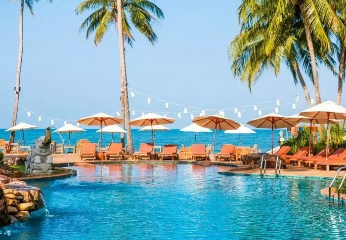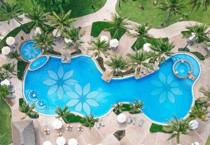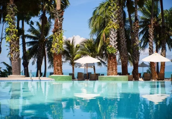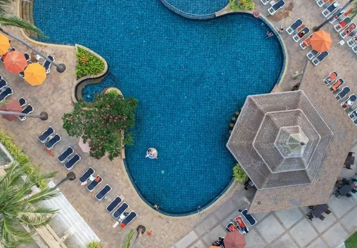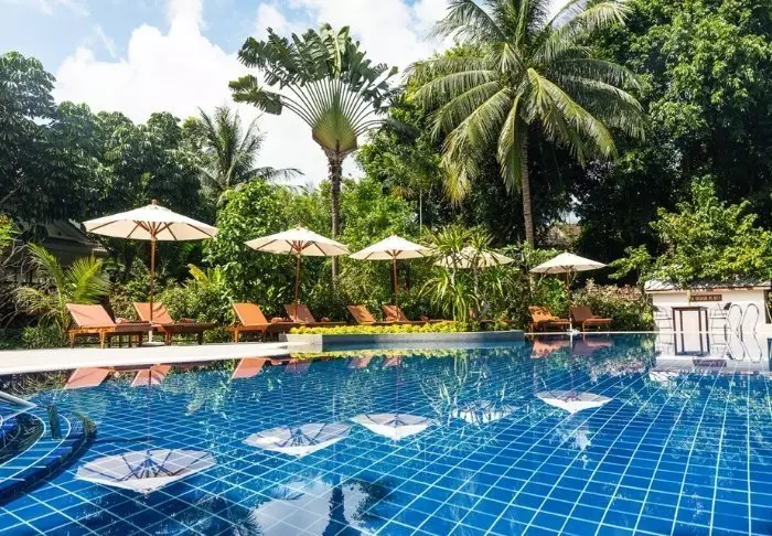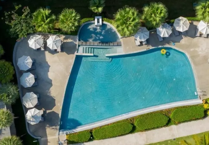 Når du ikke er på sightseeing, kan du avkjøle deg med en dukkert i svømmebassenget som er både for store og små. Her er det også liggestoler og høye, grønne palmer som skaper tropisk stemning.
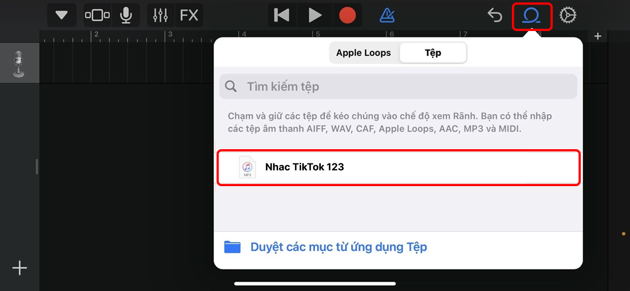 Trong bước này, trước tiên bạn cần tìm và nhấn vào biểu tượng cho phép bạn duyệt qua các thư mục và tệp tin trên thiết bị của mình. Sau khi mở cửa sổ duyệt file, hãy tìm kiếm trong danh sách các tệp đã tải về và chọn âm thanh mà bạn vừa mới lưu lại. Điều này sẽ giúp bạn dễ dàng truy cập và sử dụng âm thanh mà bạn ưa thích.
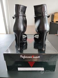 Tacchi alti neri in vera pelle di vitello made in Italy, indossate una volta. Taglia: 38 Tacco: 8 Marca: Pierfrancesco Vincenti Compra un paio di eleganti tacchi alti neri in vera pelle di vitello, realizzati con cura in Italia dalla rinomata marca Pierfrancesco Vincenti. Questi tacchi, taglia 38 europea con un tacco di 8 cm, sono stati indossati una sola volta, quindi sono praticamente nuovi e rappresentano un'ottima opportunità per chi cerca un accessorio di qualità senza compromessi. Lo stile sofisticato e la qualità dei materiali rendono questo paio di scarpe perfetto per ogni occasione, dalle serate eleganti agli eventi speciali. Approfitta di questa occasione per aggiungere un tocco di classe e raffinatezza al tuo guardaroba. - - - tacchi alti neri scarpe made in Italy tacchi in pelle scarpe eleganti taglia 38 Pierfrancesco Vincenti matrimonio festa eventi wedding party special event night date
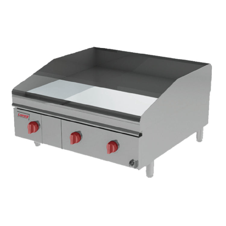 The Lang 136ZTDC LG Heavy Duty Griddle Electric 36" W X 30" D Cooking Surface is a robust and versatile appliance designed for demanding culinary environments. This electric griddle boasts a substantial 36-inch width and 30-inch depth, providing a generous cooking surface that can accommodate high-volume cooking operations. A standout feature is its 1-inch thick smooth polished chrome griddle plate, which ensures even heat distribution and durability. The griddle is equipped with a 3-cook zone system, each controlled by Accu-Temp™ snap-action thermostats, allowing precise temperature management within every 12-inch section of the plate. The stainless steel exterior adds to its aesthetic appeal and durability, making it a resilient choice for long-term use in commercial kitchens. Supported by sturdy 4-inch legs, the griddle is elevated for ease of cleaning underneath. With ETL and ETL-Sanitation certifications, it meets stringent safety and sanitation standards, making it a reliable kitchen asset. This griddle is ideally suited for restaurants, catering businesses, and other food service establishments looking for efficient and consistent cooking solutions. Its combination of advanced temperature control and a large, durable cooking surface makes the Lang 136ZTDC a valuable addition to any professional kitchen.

Exercise directions: A word-for-word copy of all the data, without pictures, is the expected output.

Completed exercise:
 Når du ikke er på sightseeing, kan du avkjøle deg med en dukkert i svømmebassenget som er både for store og små. Her er det også liggestoler og høye, grønne palmer som skaper tropisk stemning.
 Trong bước này, trước tiên bạn cần tìm và nhấn vào biểu tượng cho phép bạn duyệt qua các thư mục và tệp tin trên thiết bị của mình. Sau khi mở cửa sổ duyệt file, hãy tìm kiếm trong danh sách các tệp đã tải về và chọn âm thanh mà bạn vừa mới lưu lại. Điều này sẽ giúp bạn dễ dàng truy cập và sử dụng âm thanh mà bạn ưa thích.
 Tacchi alti neri in vera pelle di vitello made in Italy, indossate una volta. Taglia: 38 Tacco: 8 Marca: Pierfrancesco Vincenti Compra un paio di eleganti tacchi alti neri in vera pelle di vitello, realizzati con cura in Italia dalla rinomata marca Pierfrancesco Vincenti. Questi tacchi, taglia 38 europea con un tacco di 8 cm, sono stati indossati una sola volta, quindi sono praticamente nuovi e rappresentano un'ottima opportunità per chi cerca un accessorio di qualità senza compromessi. Lo stile sofisticato e la qualità dei materiali rendono questo paio di scarpe perfetto per ogni occasione, dalle serate eleganti agli eventi speciali. Approfitta di questa occasione per aggiungere un tocco di classe e raffinatezza al tuo guardaroba. - - - tacchi alti neri scarpe made in Italy tacchi in pelle scarpe eleganti taglia 38 Pierfrancesco Vincenti matrimonio festa eventi wedding party special event night date
 The Lang 136ZTDC LG Heavy Duty Griddle Electric 36" W X 30" D Cooking Surface is a robust and versatile appliance designed for demanding culinary environments. This electric griddle boasts a substantial 36-inch width and 30-inch depth, providing a generous cooking surface that can accommodate high-volume cooking operations. A standout feature is its 1-inch thick smooth polished chrome griddle plate, which ensures even heat distribution and durability. The griddle is equipped with a 3-cook zone system, each controlled by Accu-Temp™ snap-action thermostats, allowing precise temperature management within every 12-inch section of the plate. The stainless steel exterior adds to its aesthetic appeal and durability, making it a resilient choice for long-term use in commercial kitchens. Supported by sturdy 4-inch legs, the griddle is elevated for ease of cleaning underneath. With ETL and ETL-Sanitation certifications, it meets stringent safety and sanitation standards, making it a reliable kitchen asset. This griddle is ideally suited for restaurants, catering businesses, and other food service establishments looking for efficient and consistent cooking solutions. Its combination of advanced temperature control and a large, durable cooking surface makes the Lang 136ZTDC a valuable addition to any professional kitchen.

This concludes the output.